╭─ MATERIAL PROVIDED
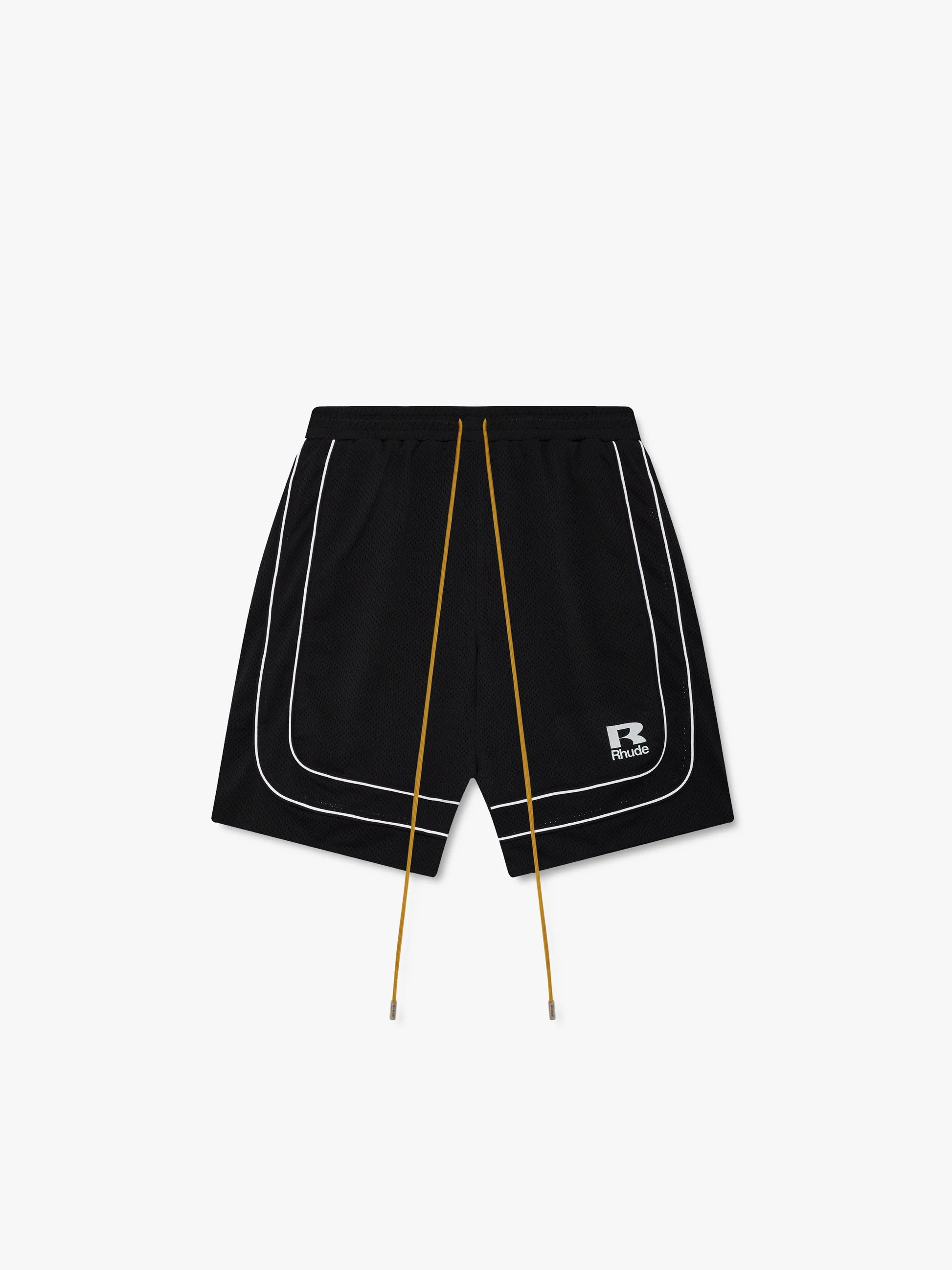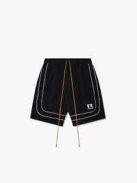 Premium baggy basketball short features signature piping and side pockets. Extended drawstrings in our signature mustard tone. SELF: 100% POLYESTER LINING : 84% NYLON, 16% SPANDEX
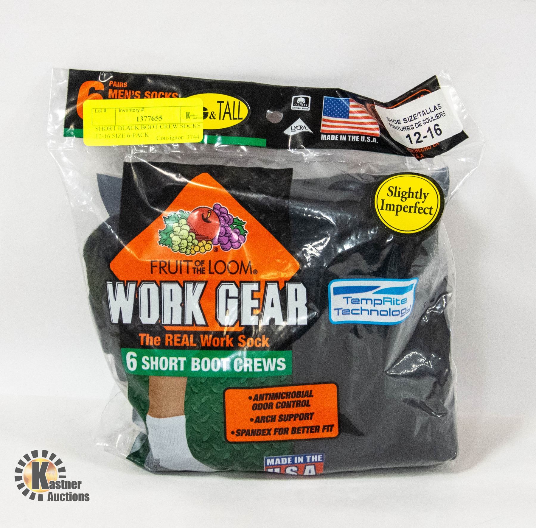 SHORT BLACK BOOT CREW SOCKS 12-16 SIZE 6-PACK
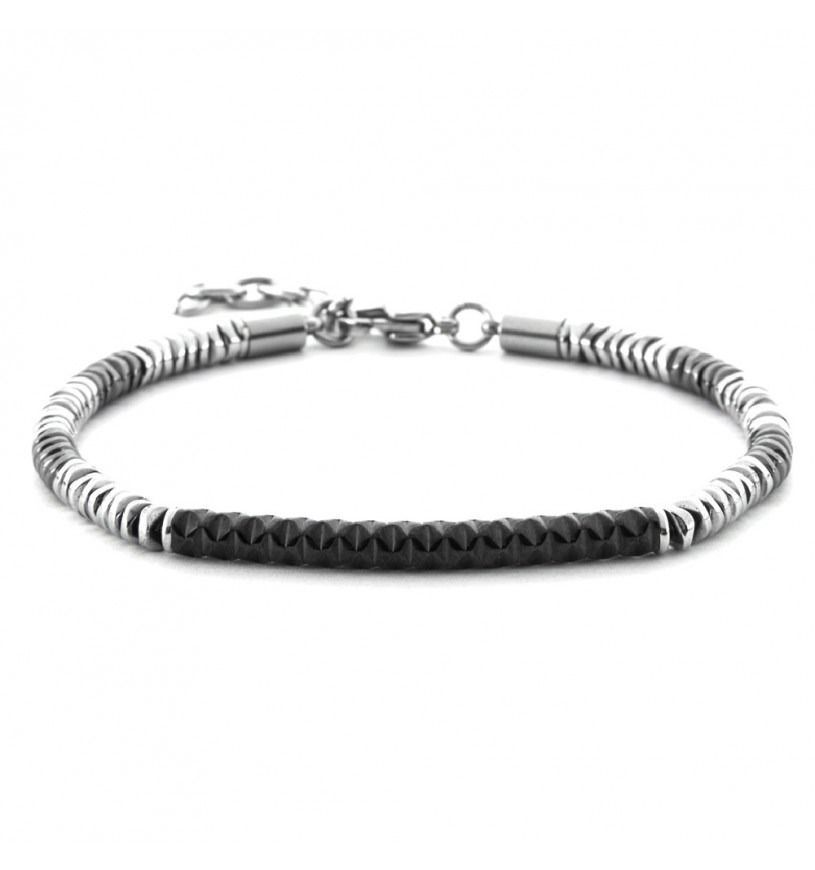 Ogni creazione nasce da una meticolosa selezione di materiali. L'acciaio 316L anallergico assicura una resistenza che sfida il tempo, spesso impreziosito da finiture PVD in tonalità scure che ne accentuano la forza. Poi c'è l'argento, le sapienti lavorazioni in pelle intrecciata e i tocchi luminosi o oscuri di zirconi, onice ed ematite, che riflettono la luce con un'eleganza mai sfacciata.
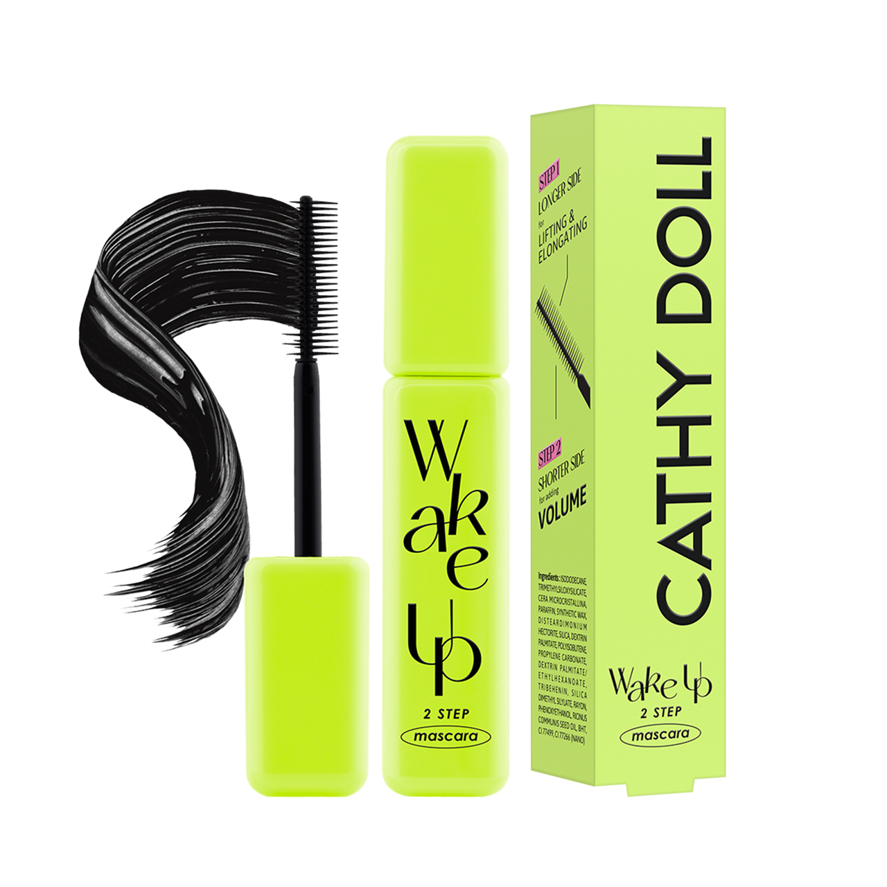 「Cathy Doll ウェイクアップマスカラ」は、“眠っているまつ毛を目覚めさせる”をコンセプトに開発された、簡単2ステップのマスカラです。独自開発のウルトラファイバーフィルム処方で、下地無しでもまつエク級の上向きバサバサ濃密まつ毛を演出。眠っているまつ毛に革命を起こします。
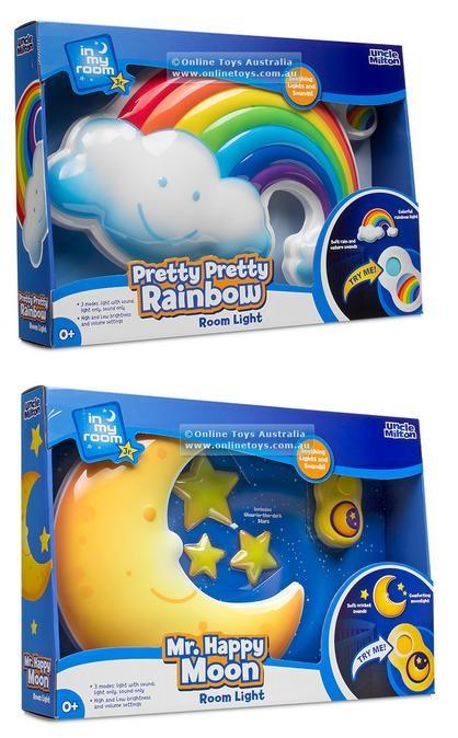 Pierwsze światło w moim domu to jedna z 4 lampek dostępna w wersjach: Wesoły Księżyc, Kolorowa Tęcza, Uśmiechnięte Słoneczko oraz Kosmiczna Rakieta. Rozświetl pokój swojego Maluszka miłym i przyjaznym światłem. Wystarczy, że naciśniesz pilot i zobaczysz jak kojące światło i spokojne dźwięki usypiają Twojego Malucha. Lampka wytwarza łagodne efekty świetlne. Dodatkowo każda z lampek po włączeniu wydaje uspakajające dźwięki. W lampce występują 3 tryby: światło z dźwiękiem, światło, dźwięk. Lampkę łatwo zamontować do ściany Zabawka posiada automatyczny wyłącznik.
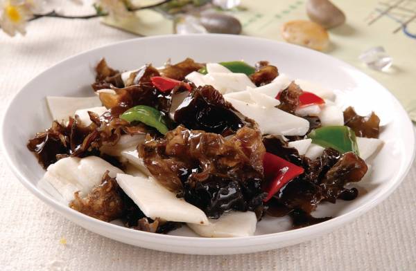 3、加入豆腐結和木耳翻炒。
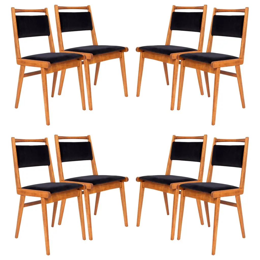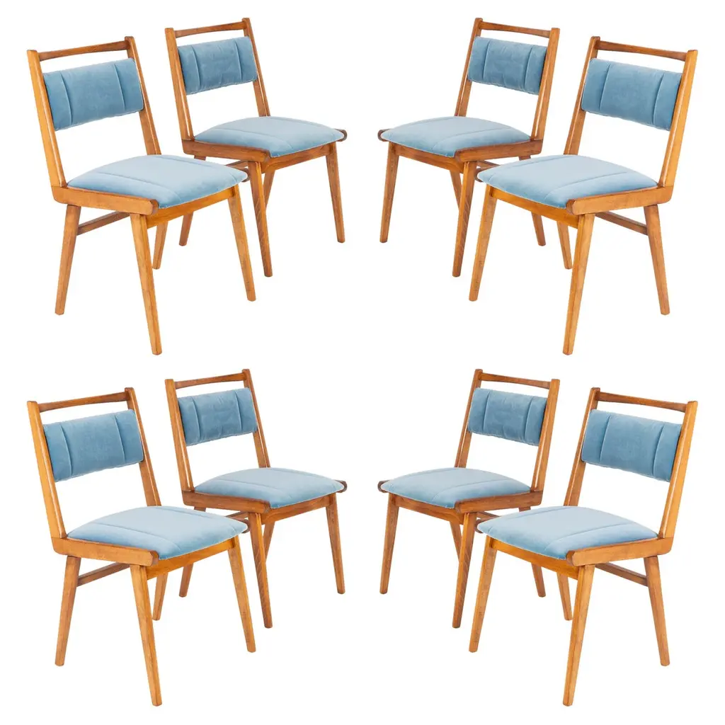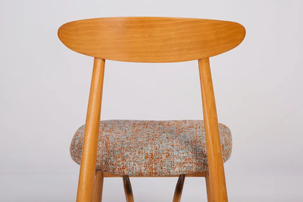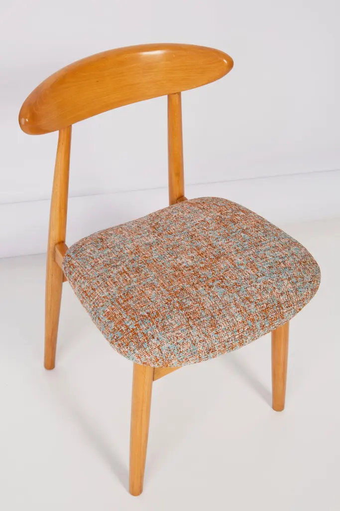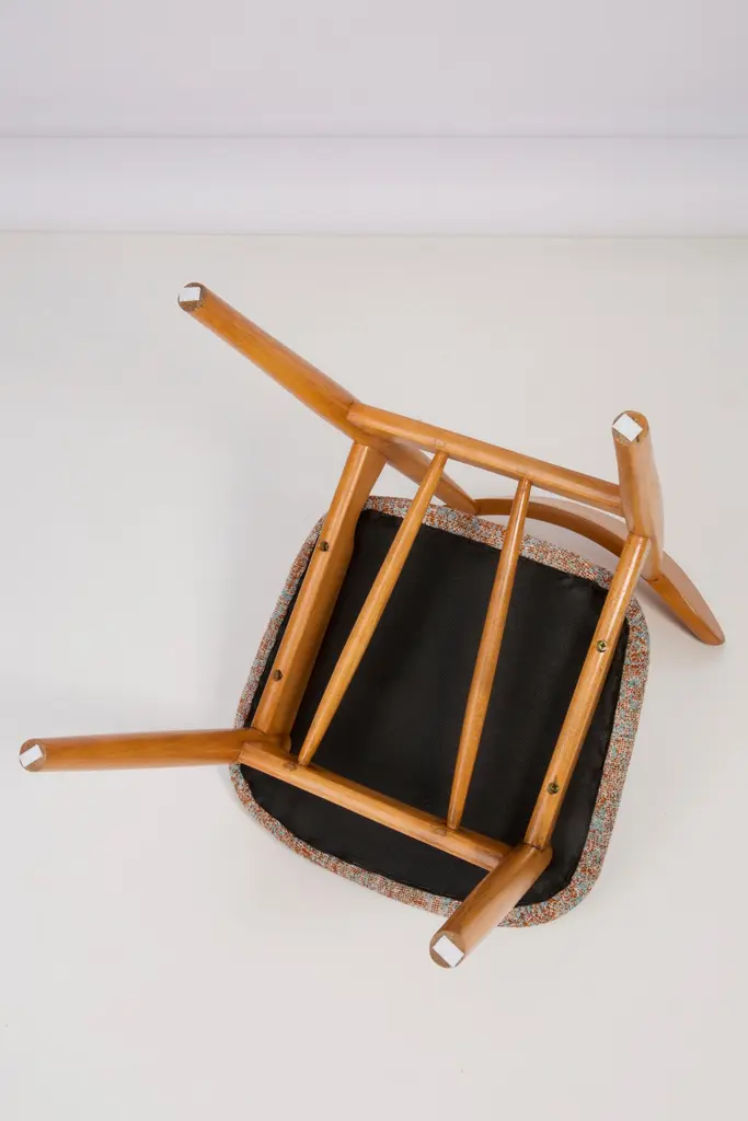 Chairs type 5908, designed in 1960s by Rajmund Teofil Halas, are one of the most recognizable projects of Polish design.The chairs have a simple, modernist silhouette. They are characterized by streamlined, organic characteristic shapes for Industrial Design in the 1960s. The construction was made of beech wood, upholstery with high quality pixel fabric. The form of the furniture is clearly inspired by the Danish design from the period of the second half of the 20th century. The set of chairs is after a professional renovation. The chair model is very ergonomic and comfortable, as the furniture designs of that time were largely focused on the user. Due to its small size, the furniture fits perfectly into the interiors of contemporary apartments, perfectly meeting the needs of customers.
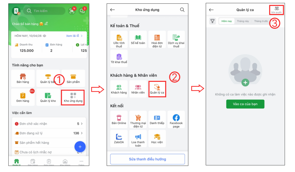 Bước 1: Tại màn hình Quản lý chọn Thêm tính năng (1) > chọn Quản lý ca (2) > chọn Sửa quyền (3).
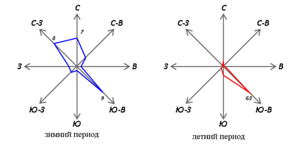Рис. 1. – Розы ветров в зимний и летний периоды
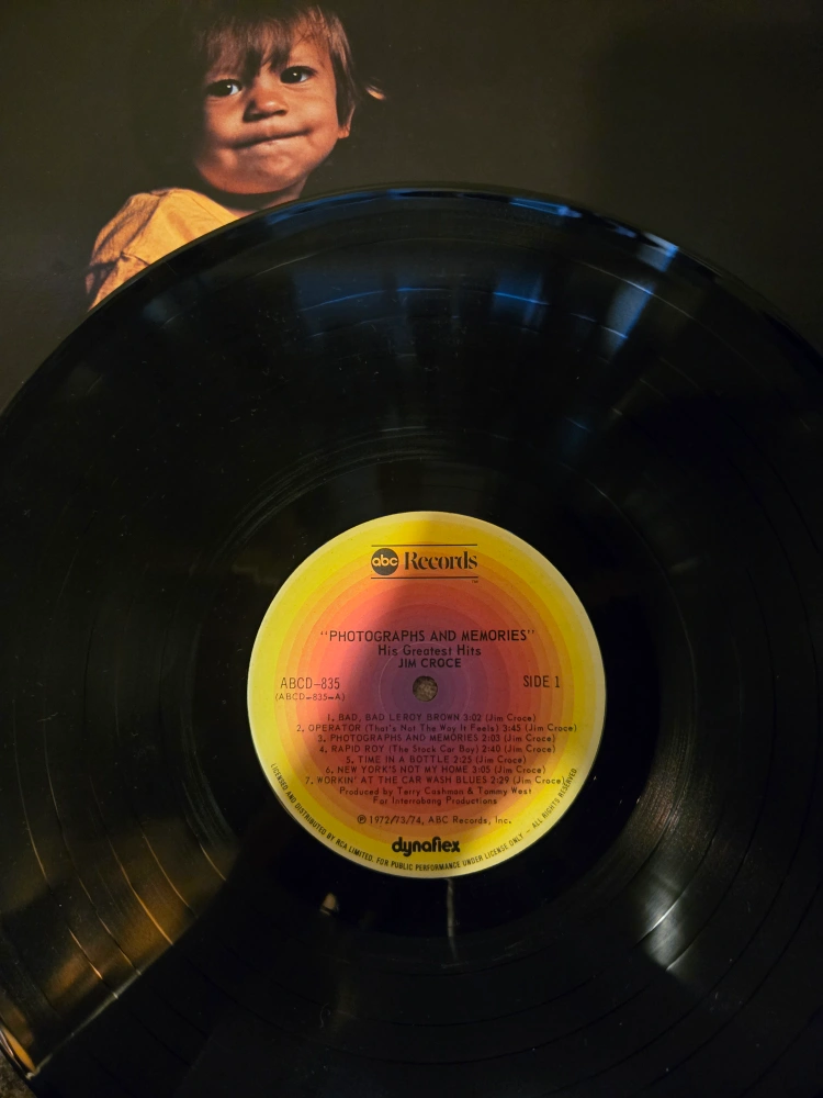 Selling a Jim Croce vinyl record, titled "Photographs and Memories - His Greatest Hits"! It's an ABC Records release from 1972/1974, identified as ABCD-835. A great addition for any vinyl collector or Jim Croce fan
╰─
**DIRECTIONS:**
In your copy of the records above, include every line exactly but no pictures.

**WRITTEN ANSWER:**
 Premium baggy basketball short features signature piping and side pockets. Extended drawstrings in our signature mustard tone. SELF: 100% POLYESTER LINING : 84% NYLON, 16% SPANDEX
 SHORT BLACK BOOT CREW SOCKS 12-16 SIZE 6-PACK
 Ogni creazione nasce da una meticolosa selezione di materiali. L'acciaio 316L anallergico assicura una resistenza che sfida il tempo, spesso impreziosito da finiture PVD in tonalità scure che ne accentuano la forza. Poi c'è l'argento, le sapienti lavorazioni in pelle intrecciata e i tocchi luminosi o oscuri di zirconi, onice ed ematite, che riflettono la luce con un'eleganza mai sfacciata.
 「Cathy Doll ウェイクアップマスカラ」は、“眠っているまつ毛を目覚めさせる”をコンセプトに開発された、簡単2ステップのマスカラです。独自開発のウルトラファイバーフィルム処方で、下地無しでもまつエク級の上向きバサバサ濃密まつ毛を演出。眠っているまつ毛に革命を起こします。
 Pierwsze światło w moim domu to jedna z 4 lampek dostępna w wersjach: Wesoły Księżyc, Kolorowa Tęcza, Uśmiechnięte Słoneczko oraz Kosmiczna Rakieta. Rozświetl pokój swojego Maluszka miłym i przyjaznym światłem. Wystarczy, że naciśniesz pilot i zobaczysz jak kojące światło i spokojne dźwięki usypiają Twojego Malucha. Lampka wytwarza łagodne efekty świetlne. Dodatkowo każda z lampek po włączeniu wydaje uspakajające dźwięki. W lampce występują 3 tryby: światło z dźwiękiem, światło, dźwięk. Lampkę łatwo zamontować do ściany Zabawka posiada automatyczny wyłącznik.
 3、加入豆腐結和木耳翻炒。
 Chairs type 5908, designed in 1960s by Rajmund Teofil Halas, are one of the most recognizable projects of Polish design.The chairs have a simple, modernist silhouette. They are characterized by streamlined, organic characteristic shapes for Industrial Design in the 1960s. The construction was made of beech wood, upholstery with high quality pixel fabric. The form of the furniture is clearly inspired by the Danish design from the period of the second half of the 20th century. The set of chairs is after a professional renovation. The chair model is very ergonomic and comfortable, as the furniture designs of that time were largely focused on the user. Due to its small size, the furniture fits perfectly into the interiors of contemporary apartments, perfectly meeting the needs of customers.
 Bước 1: Tại màn hình Quản lý chọn Thêm tính năng (1) > chọn Quản lý ca (2) > chọn Sửa quyền (3).
Рис. 1. – Розы ветров в зимний и летний периоды
 Selling a Jim Croce vinyl record, titled "Photographs and Memories - His Greatest Hits"! It's an ABC Records release from 1972/1974, identified as ABCD-835. A great addition for any vinyl collector or Jim Croce fan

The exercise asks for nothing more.